1.   Wie ist die aktuelle Einschätzung des Ressorts hinsichtlich der Zuständigkeit bei der
Auffindung und Entschärfung von Fliegerbomben aus dem 2. Weltkrieg?

2.                           Was hat das Ressort unternommen, um die Gesundheit und das Leben der
österreichischen Bevölkerung im Zusammenhang mit der Gefährdung durch
Fliegerbomben aus dem 2. Weltkrieg zu schützen?

3.                           Welche Kosten sind dafür ausgewiesen nach Jahren angefallen?

4.                           Wer ist der im Artikel des Standard angeführte Rechtsvertreter des Bundes, der
überraschend angekündigt habe, es doch auf einen Prozess mit der Stadt Salzburg
ankommen zu lassen?

5.                           Warum haben Sie für dieses Verfahren einen Rechtsvertreter beauftragt und nicht die
dienste der Finanzprokuratur in Anspruch genommen?

6.                           Welches Honorar erhielt dieser Rechtsvertreter für diesen Prozess gegen die Stadt
Salzburg bisher und welche zusätzlichen Honoraransprüche werden dadurch entstehen,
dass der Vergleich nicht abgeschlossen und der Prozess weitergeführt wird?

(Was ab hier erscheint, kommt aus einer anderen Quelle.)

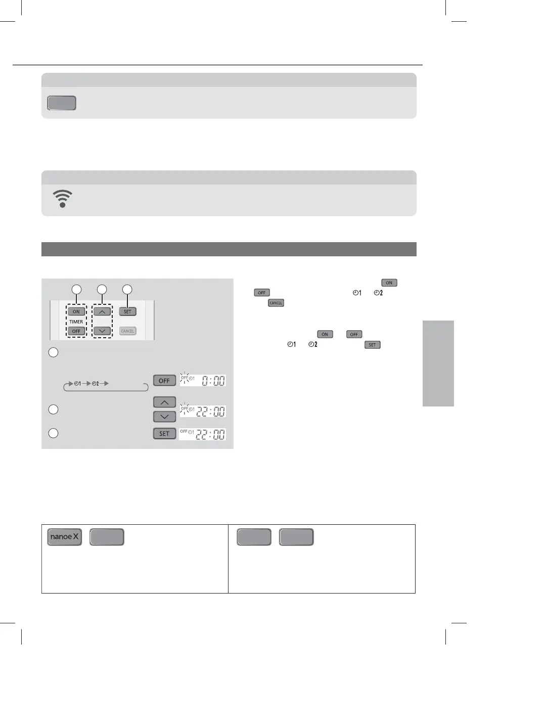 2 sets of ON and OFF timers are available to turn ON or OFF the unit at different preset time.
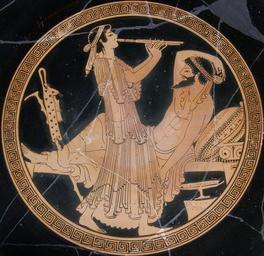 Keywords: Banquet scene Louvre G135 full.jpg Banqueter and musician kalos inscription Ho pais kalos The boy is handsome Tondo from an Attic red-figure cup ca 490 BC Found in Vulci Banqueteur et un musicien inscription kalos Ho pais kalos Le garcon est beau Tondo d'une coupe attique à figures rouges v 480 av J -C Provenance Vulci Diam 32 cm 12 ½ in Museum Louvre Department of Greek Etruscan and Roman Antiquities Sully room 43 case 4 Beazley Attic Red-figured Vase-Painters 1963 355 45 object history credit line Canino Collection 1848 accession number G 135 Jastrow 2008 other versions <gallery> Image Banquet scene Louvre G135 jpg </gallery> Auloi in ancient Greek pottery Kylixes in art Greek antiquities in the Louvre - Room 43 Colmar Painter Hetaeras at symposium in ancient Greek pottery Canino Collection Kylix interiors Kalos inscriptions 480s BC pottery Meanders in ancient Greek pottery |
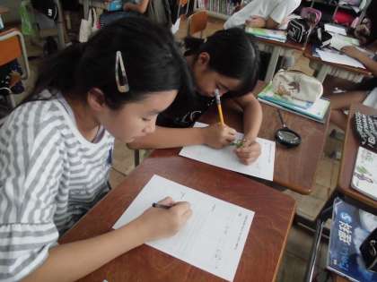 アサガオの花のつくりについて学習しました。そして、今日、花が咲く前と花が咲いた後のおしべとめしべはどうなっているのかを観察して、比べました。
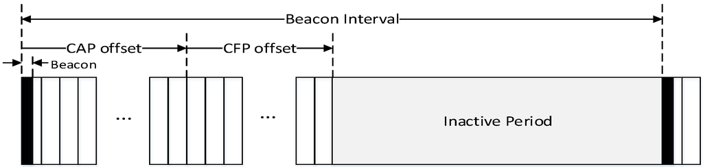 In Figure 10, the PAN coordinator periodically broadcasts the beacon frame in the beacon period. The superframe is composed of numerous time slots with the fixed length, and the time slot is the basic unit of a CAP offset and a CFP offset. In the proposed scheme, because the beacon frame includes the information of the CAP offset and the CFP offset, devices which receive the beacon frame can recognize the length of the CAP and the CFP. Figure 11 shows the format of the proposed beacon frame.
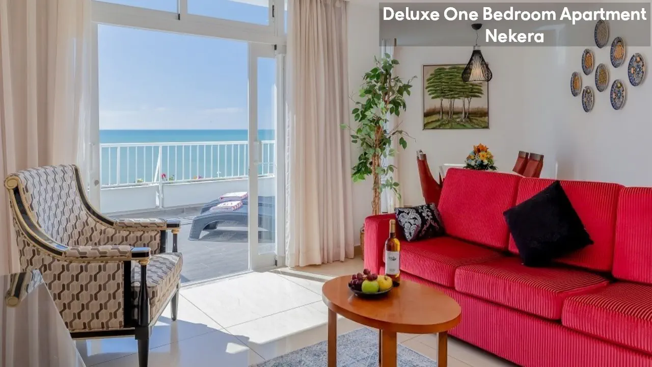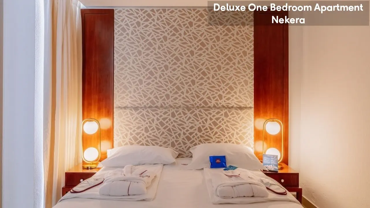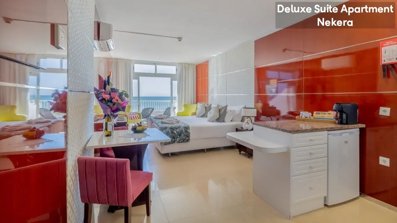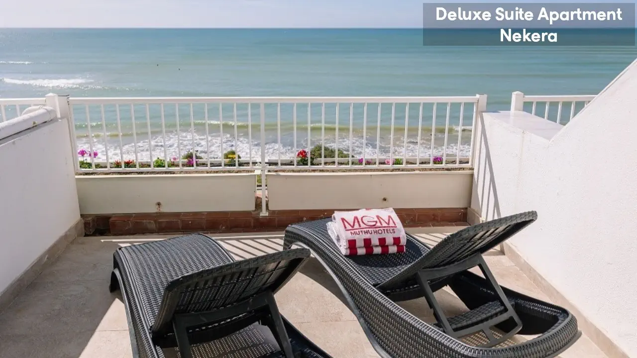 Apartament Deluxe Junior Suite - powierzchnia 21m2 - maksymalnie 2 osoby dorosłe - nowoczesny wystrój - dwa łóżka pojedyncze - taras z krzesłami i stolikiem lub z leżakami - widok na ocean - łazienka z wanną lub prysznicem - suszarka do włosów - aneks kuchenny - lodówka - kuchenka mikrofalowa - zestaw do parzenia kawy i herbaty - telewizja satelitarna - minibar - sejf (za opłatą) Apartament Deluxe Suite z Jedną Sypialnią - powierzchnia 41m2 - maksymalnie 4 osoby dorosłe - nowoczesny wystrój - podwójne łóżko - duży taras z krzesłami, stolikiem i leżakami - widok na ocean - salon z podwójną sofą i fotelem - łazienka z wanną lub prysznicem - suszarka do włosów - aneks kuchenny - stół z krzesłami - lodówka - kuchenka mikrofalowa - zestaw do parzenia kawy i herbaty - telewizja satelitarna - menu poduszek (za opłatą) - minibar - sejf (za opłatą) Apartament Deluxe Suite z Dwiema Sypialniami - powierzchnia 50m2 - maksymalnie 6 osób dorosłych - główna sypialnia z łóżkiem podwójnym oraz prywatnym balkonem i łazienką - dodatkowa sypialnia z przestronną szafą - duży taras z krzesłami, stolikiem i leżakami - widok na ocean - salon z podwójną sofą - łazienka z wanną lub prysznicem - suszarka do włosów - aneks kuchenny - stół z krzesłami - lodówka - kuchenka mikrofalowa - zestaw do parzenia kawy i herbaty - telewizja satelitarna - menu poduszek (za opłatą) - minibar - sejf (za opłatą)

7.                           Wie lautet die Stellungnahme der Finanzprokuratur zum außergerichtlichen Vergleich
im Wortlaut?


8.       Welche Weisungen bzw. Anordnungen haben Sie dem Rechtsvertreter gegeben?
Insbesondere: Haben Sie oder Vertreter Ihres Ressorts diesen angewiesen, den
Vergleich nicht abzuschließen und den strittigen Rechtsweg zu gehen?

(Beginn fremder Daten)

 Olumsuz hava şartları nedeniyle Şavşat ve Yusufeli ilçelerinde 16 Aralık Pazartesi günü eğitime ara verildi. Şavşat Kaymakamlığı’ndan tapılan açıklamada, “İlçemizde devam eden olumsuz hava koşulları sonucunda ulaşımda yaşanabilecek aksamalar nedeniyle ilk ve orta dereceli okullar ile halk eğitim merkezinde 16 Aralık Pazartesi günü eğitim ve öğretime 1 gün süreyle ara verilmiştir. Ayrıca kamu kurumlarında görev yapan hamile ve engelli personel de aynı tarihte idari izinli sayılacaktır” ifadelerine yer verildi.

Wann erfolgte diese Anordnung?

Warum wurde die Frist maximal ausgeschöpft, um das Verfahren in die Länge zu

ziehen?

9.       Wenn eine solche Weisung bzw. Anordnung nicht erfolgte:

Ist es üblich, dass Ihr Ressort sämtliche Grundsatzentscheidungen in einem
bedeutsamen Prozess mit der Stadt Salzburg dem Rechtsvertreter allein überlässt?